Garmin Fenix 5X used as HRM – what a palaver!
Ant + dongle purchased, new Samsung Tab A8 – seemingly paired and then ‘no signal’ after 2-1/2 minutes – very frustrating – forums all over with similar issues and yet seemed fine with old Motorola G7 phone.
Anyway, found this review, found link to spec for hub, saw ANT+ compatibility, read how to connect via Zwift companion App, test ride NO DROPOUT.
FFS – why was this sooo hard to find out?
Any idea if there will be an upcoming version of Zwift Hub with a handle and a battery power option, or the ability to run without a power cable? I have highly limited space and can’t connect to an external power, and need to be able to move the trainer after the workout.
Very useful read. Thank you. Any advice on
1: alignment of 11speed Di2 gears for Zwift Hub please. I’ve done the micro adjustments on ETube but still clunky,noisey and delayed response especially on the highest and lowest cog and
2: Cannot connect to Zwift hub or pair with heart rate,monitor or power pedal. Have gone through all 6he instructions. It is recognising hub after a few min but not allowing pairing.
Thanks for all your posts. They’re great. I’ve been eyeing this trainer for a while now and was about to get one for the winter season but noticed they are €599 now (and I think a year subscription). Do you know if there have also been some upgrades to account for the €100 increase?
Here’s Ray’s post explaining the price increase and why it happened: link to dcrainmaker.com
Thanks. That explains it.
I own a Zwift Hub One and I have a question , it is normal that after 1 hour of use on 200 watts the Flywheel to heat . It is so hot that I cant put my hand on it .Anyone experience this?
Correct, it should be hot. It’s the reason why there’s a big warning along the edge of the flywheel that says it’s dangerous and hot and not to touch. ;)
Thank you !
Newest ‘best bang for buck’ in town. Decathlon launched their line of Smart Trainers, starting from $300… link to decathlon.co.uk
As I mentioned before I have a Zwift Hub One + Click but I have a lot of trouble trying to make him function properly.I run it on a laptop ASUS X515MA with procesor Intel® Celeron® N4020 up to 2.80 GHz, 15.6″, HD, 4GB, 256GB SSD, Intel® UHD Graphics 600 running on Windows 10. Its paired on Windows with BLE .It keeps disconnecting every 10 seconds. The interruption is 2-3 seconds. He keeps disconnecting from BLE .Instead, I ran Zwift Hub One on a Samsung A 52 phone and it works perfectly. It connects very quickly and has no interruptions.
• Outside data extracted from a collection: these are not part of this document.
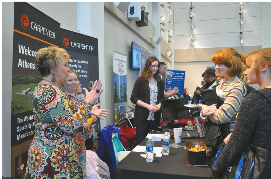
More than 1,000 area students learned about career opportunities from local industries at the annual Career & Workforce Expo.

The annual Career & Workforce Expo - presented by gold sponsor Joe Wheeler EMC , as well as silver sponsors 3M , GE Appliances , a Haier Company , Nucor Steel Decatur , Redstone Federal Credit Union and Toray Carbon Fiber America - welcomed more than 1,000 area high school students to Calhoun Community College to learn about careers and opportunities in our area following high school. Your Chamber is committed to preparing the next generation of learners and leaders in our community and equipping them for success in whatever path they choose. The Expo is a collaboration with the Chamber, Morgan County Economic Development Association, Greater Limestone County Chamber of Commerce and Calhoun Community College.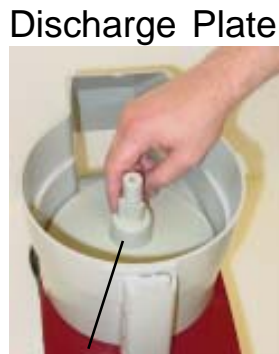
Step 3: Turn Discharge Plate until it drops.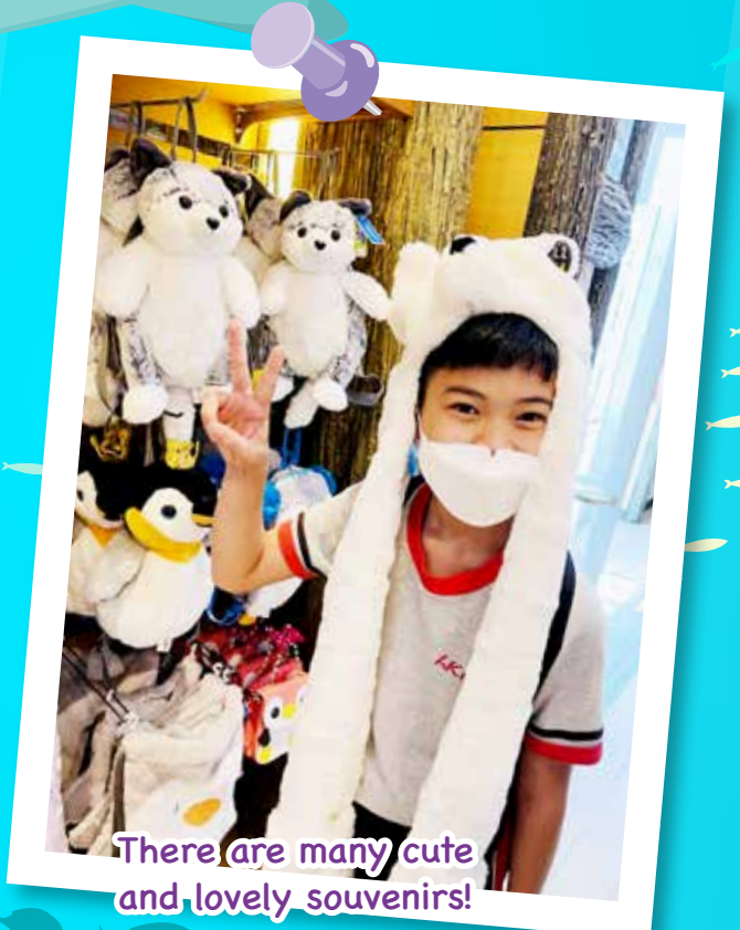
There are many cute and lovely souvenirs!

It was a happy day. I had a good time with my friends. I will never forget this wonderful day.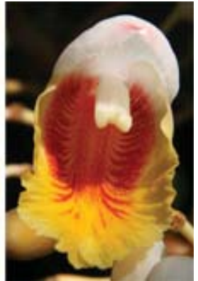
Alpinia zerumbet produces flowers in a terminal raceme (L), with drooping white flowers (LC) that each have a yellow and red interior (RC and R).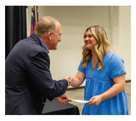
$1,000 each was awarded to 136 high school seniors at the youth awards banquet.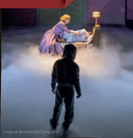
Original Broadway Company

This synopsis contains plot spoilers SPOILER ALERT! You may wish to revisit these pages after you have seen the production.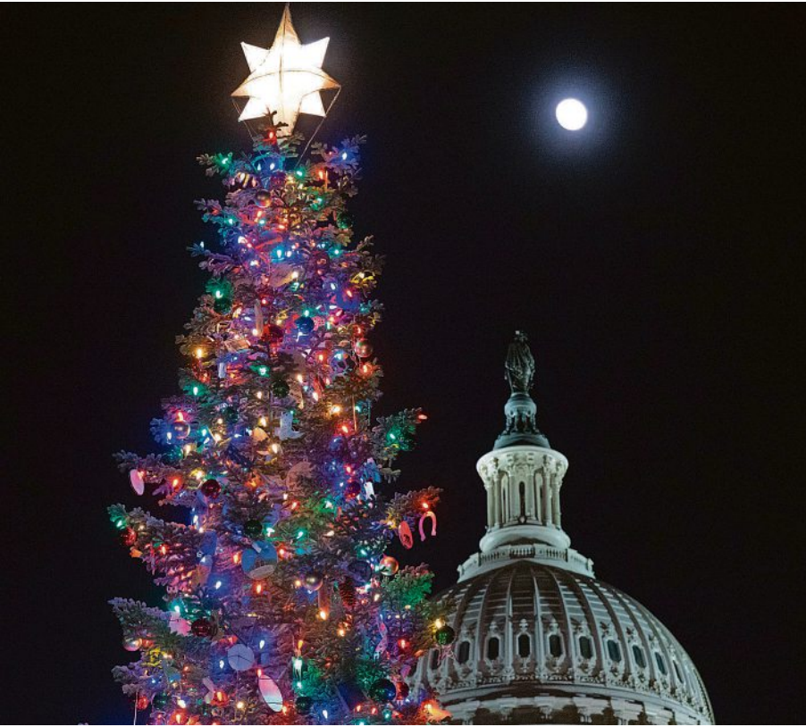
The US Capitol Christmas tree is lit during a lighting ceremony on Capitol Hill in Washington on Dec. 2.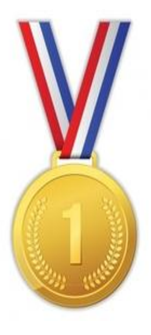
Winners of the Spell Bee Competition

The Windows on the laptop its freshly installed and Zwift is the only app I have on it.Where I make mistake ?
Are there any turbo trainers where you input into the control software the coefficients of your road curve?
Up to now, I haven’t found a Bike Turbo Trainer that simulates my bike.
The Watts vs kmh curve is the most important constant.
If it cannot be set correct, the apparatus is junk.
What exactly is a “coefficients of your road curve”? I can’t say I know what value you expect to apply or plug into the trainer from this info.
The best I know are some trainers that do at least one of two things:
1) Offer a “headless” function with the trainer plugged in to power (but not connected to a device or controlling app) that then apply a default resistance curve. This curve aims to mimic the progressive resistance seen outside and used by some old fluid resistance trainers. The Saris H series trainers do this and I think that some Wahoo ones do as well.
2) Offer Level / Slope / Standard mode that is a progressive resistance curve. The ones I know (Wahoo) allow a setting from 0-9 that is the level of ramp rate in that curve. In my use, the 2-3 setting seems well rounded and like the fluid trainers of old.
Alternatively, using a simulation app like Zwift, Rouvy, etc. can be done to mimic the resistance curve felt for a given stretch of road or a course. These use “Simulation” mode and are well liked by many riders for the basic feel being close to riding outside.